For the children and teens in Twin Falls, Idaho, taking part in youth summer camps at the College of Southern Idaho (CSI) can be a life-changing experience — literally.
As part of its community education programming, CSI offers dance and theater camps for children as young as six, as well as music, robotics, writing, science, art and cooking camps.
This article is an excerpt from the August/September issue of AACC’s Community College Journal.
“I have parents come in and ask, ‘Can you help us find an avenue for our child? We need something to bolster their self-confidence,’” says Camille Barigar, director of CSI’s Community Enrichment Office.
Many of these children are struggling with depression, often because they’re being bullied at school or don’t fit in. Barigar matches them with an appropriate activity and introduces them to the summer camp faculty, making sure they feel welcome and supported.
“By the end of the week, I’ve had many parents say, ‘Thank you so much, this means everything to my child.’ In some instances, parents have told me their child was suicidal — and the summer camp experience saved their life,” she avows. “That can be the power of these programs.”

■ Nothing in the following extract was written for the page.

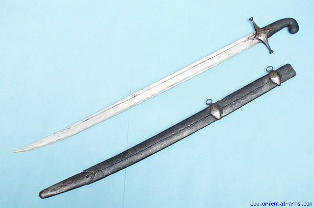 This one is a very interesting piece. Heavy very slightly up curving fullered blade, 31 inches long, light pattern welded steel and tempered edge. Wood grip with leather cover. Steel cross guard with brass decorated inlay. Wood scabbard with the original black leather cover and steel fittings inlaid in the same style as the cross guard. This sword is most probably of Georgian ( Caucasus) origin, early 19 C, 1820 or so. Total length (In scabbard) 35 inches. Good condition. Grip is a later replacements with leather losses and wood chips, partially painted to cover the leather losses. Scabbard tip loose. Scabbard leather worn, with light losses and open seams. |
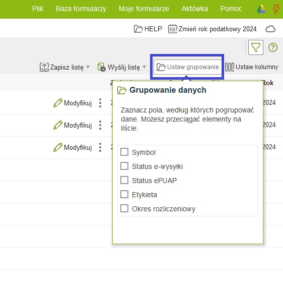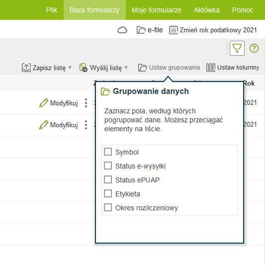 Z poziomu zakładki Moje formularze, możemy pogrupować wypełnione deklaracje np. wybierając według symbolu, statusu e-Deklaracji,

Enrichment programs make up a small but significant part of a community college’s offerings. In some cases, their impact can be enormous — especially in rural areas where a community college might be the only source of enrichment for residents.
Community enrichment programs also can be challenging to administer. For instance, it can be hard to find and recruit skilled instructors, maintain high standards of quality, make people aware of enrichment programming, and even justify its value when budgets are tight.
When done well, however, these programs bring many benefits to communities — as well as the colleges themselves.
“They raise our profile in the community,” Barigar says.
Aside from an extensive array of summer camps for youth, CSI offers as many as 40 personal enrichment classes for adults each semester, and the college hosts up to 10 shows per year through its “Arts on Tour” performing arts series.
Arts and crafts classes such as watercolor painting and pottery are always major attractions at CSI.
“They tend to be our biggest money makers,” Barigar says.
She has noticed that nature-based classes such as botany and birdwatching have exploded in popularity since the pandemic began, as people are looking for outdoor activities that are safe from Covid. Homespun, back-to-your-roots classes on topics such as gardening, canning and cake decorating also generate a lot of interest.
Arts and crafts enrichment courses bring many people to SUNY Adirondack, a community college in upstate New York, as well.
“People are always looking for classes that fill a creative need,” says Caelynn Prylo, dean of continuing education and workforce innovation. Fitness and wellness classes tend to fill up quickly, too.
Given the fascination with cooking shows that has spawned a host of programs across multiple TV networks, it’s not surprising that cooking classes should also draw interest. One enrichment class that has proven to be particularly popular at SUNY Adirondack is a combination cooking class/book club. Taught by a faculty member from the college’s culinary arts program, the course has participants read books in which food plays a prominent role, then get together to discuss each book while preparing one of the featured meals.
Like CSI, SUNY Adirondack offers a summer enrichment program for youth, which typically reaches more than 100 children each year. “We run programs for people ages eight to 98,” Prylo says. “We see this as an important part of our mission to serve the community.”